Im Yoga Sūtra nach Patañjali wird erst relativ spät, nämlich im 29. Vers des zweiten Kapitels, der achtgliedrige Yogapfad dargelegt. Um die absolute Erkenntnis und für sich innere Freiheit zu erlangen, was auch oft als Erleuchtung oder samādhi bezeichnet wird, sind sieben Schritte erforderlich, wie aus Satz YS II.27 und YS II.28 hervorgeht: 

tasya saptadhā prānta-bhūmiḥ prajña. – Der Weg zur Erkenntnis hat sieben Stufen. (YS II.27)

yoga-aṅga-anuṣṭhānād-aśuddhi-kṣaye jñāna-dīptir-āviveka-khyāteḥ – Durch das Üben dieser acht Glieder des Yoga werden die Unreinheiten überwunden, Weisheit und fortwährende Unterscheidungskraft erstrahlen. (YS II.28)

yama niyama-āsana prāṇāyāma pratyāhāra dhāraṇā dhyāna samādhayo-‚ṣṭāvaṅgāni – Achtung gegenüber Deinen Mitmenschen (yama) und Dir selbst, (niyama), Harmonie mit Deinem Körper (asana), Deiner Energie (pranayama), deinen Emotionen (pratyahara) und Deinen Gedanken (dharana), schließlich Meditation und Versenkung (dhyana) und Ekstase (samadhi), das sind die Glieder des achtfachen Pfades des Yoga. (YS II.29) **

Die acht Glieder des Yoga sind demnach yama (ethische Regeln im Umgang mit meiner Umwelt und den Mitmenschen), niyama (Richtlinien im Umgang mit mir selbst), āsana (wörtlich übersetzt, die Sitzposition oder Körperhaltung, im übertragenen Sinne, wie ich mit meinem Körper umgehe), prāṇāyāma (die Kontrolle über den Atem und meine Lebensenergie), pratyāhāra (das Zurückziehen der Sinne, wie ich mit meine emotionales Innenleben in Harmonie ausrichte), dhāraṇā (Konzentration bzw. Sammlung meiner Gedanken) und schließlich dhyāna (Meditation bzw. Versenkung), die schließlich zum achten Glied, zu Samādhi, führen.

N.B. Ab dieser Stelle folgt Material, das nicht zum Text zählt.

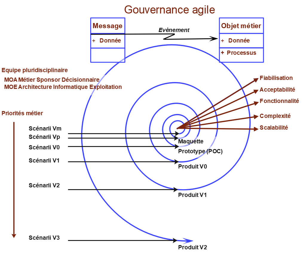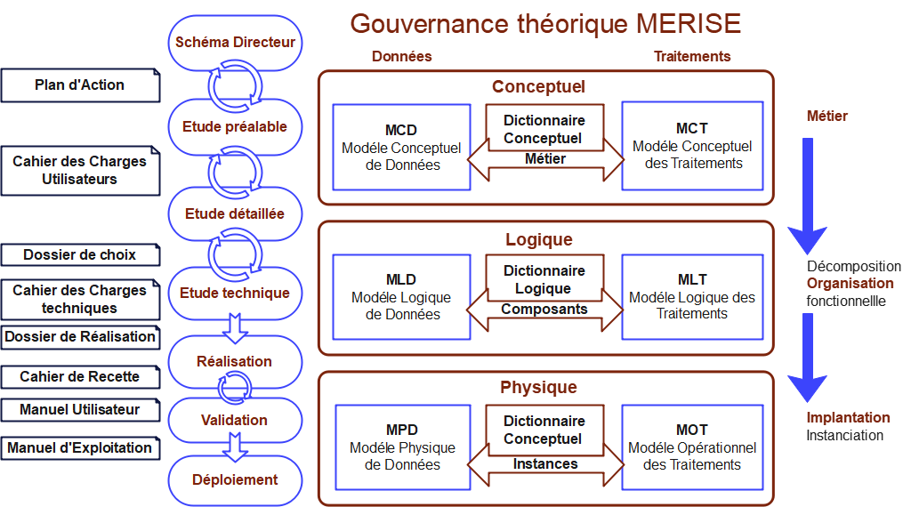 S’il est vrai que de nombreuses démarches et méthodes ont été élaborées ces 40 dernières années, il en résulte néanmoins une convergence partant de méthodes et de démarches globales structurées et cloisonnées (Merise à Merise objet) à des langages UML et BPMN et des gouvernances fractionnées, agiles et itératives (RAD Développement Rapide d’Applications, XP eXtreme Programming ou Scrum). Toutes ses Démarches et Méthodes convergent vers l’approche Objet et son Paradigme Objet, que ce soit au niveau des langages de modélisation et de programmation, mais aussi au niveau des architectures et infrastructures informatiques (UML, BPMN, Python, Java, Javascript, Node.js, JSON, Docker, Kafka, Elastic, mongoDB, Postgresql, Oracle, etc.).
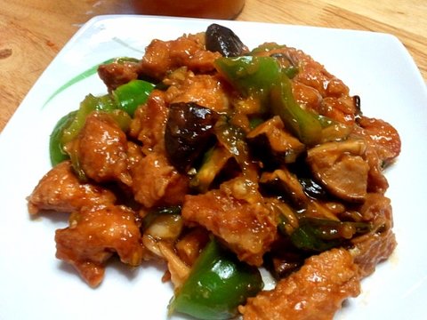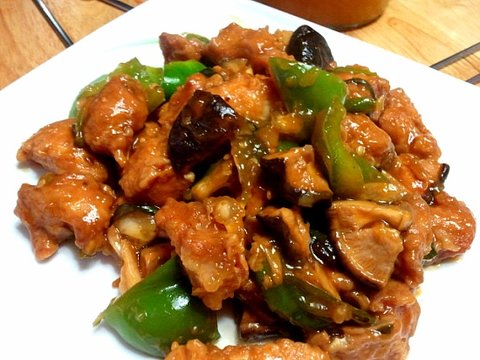 위에 조리된 것과 피망 죽순 표고버섯 마늘슬라이스를 고추기름에 볶으시다가 닭육수 넣고 끓이신다음에

Samādhi zu erfahren, kann vieles sein: die absolute Klarheit, reines Bewusstsein, innere Freiheit, Erleuchtung, maximale Einheit mit sich selbst, der so genannte „Flow“.

Die acht Glieder des Yoga werden oft grafisch als Stufen dargestellt, die linear und Schritt für Schritt von einem Glied zum nächsten führen sollen. Vor meinem inneren Auge sehen diese acht Glieder aber anders aus. Yama und niyama bilden für mich den fruchtbaren Boden, auf dem meine Yogashtanga-logoapraxis weiter gedeihen kann.

Yama und niyama sehe ich daher nicht unbedingt als vorbereitende Stufen, sondern als Rahmen und Grundlage für die weiteren Glieder, auf die ich mich – egal bei welchem Glied ich mich in meiner Praxis gerade befinde – immer wieder zurückbesinne und meine neuen Erkenntnisse und Erfahrungen auch stetig miteinander in Beziehung setze. Die yamas und niyamas verändern sich durch meine eigene Entwicklung durch die Yogapraxis und vice versa.

Der Weg der eigentlichen Übungspraxis, von āsana, prānāyāma, pratyāhāra und dhāraṇā zu dhyanā, führt mich dann von meinem grobstofflichen Körper immer weiter in den feinstofflicheren Bereich – also von meiner physischen Hülle immer weiter nach innen, bis zum allerschwierigsten Aspekt meines Seins, meiner Gedankenwelt.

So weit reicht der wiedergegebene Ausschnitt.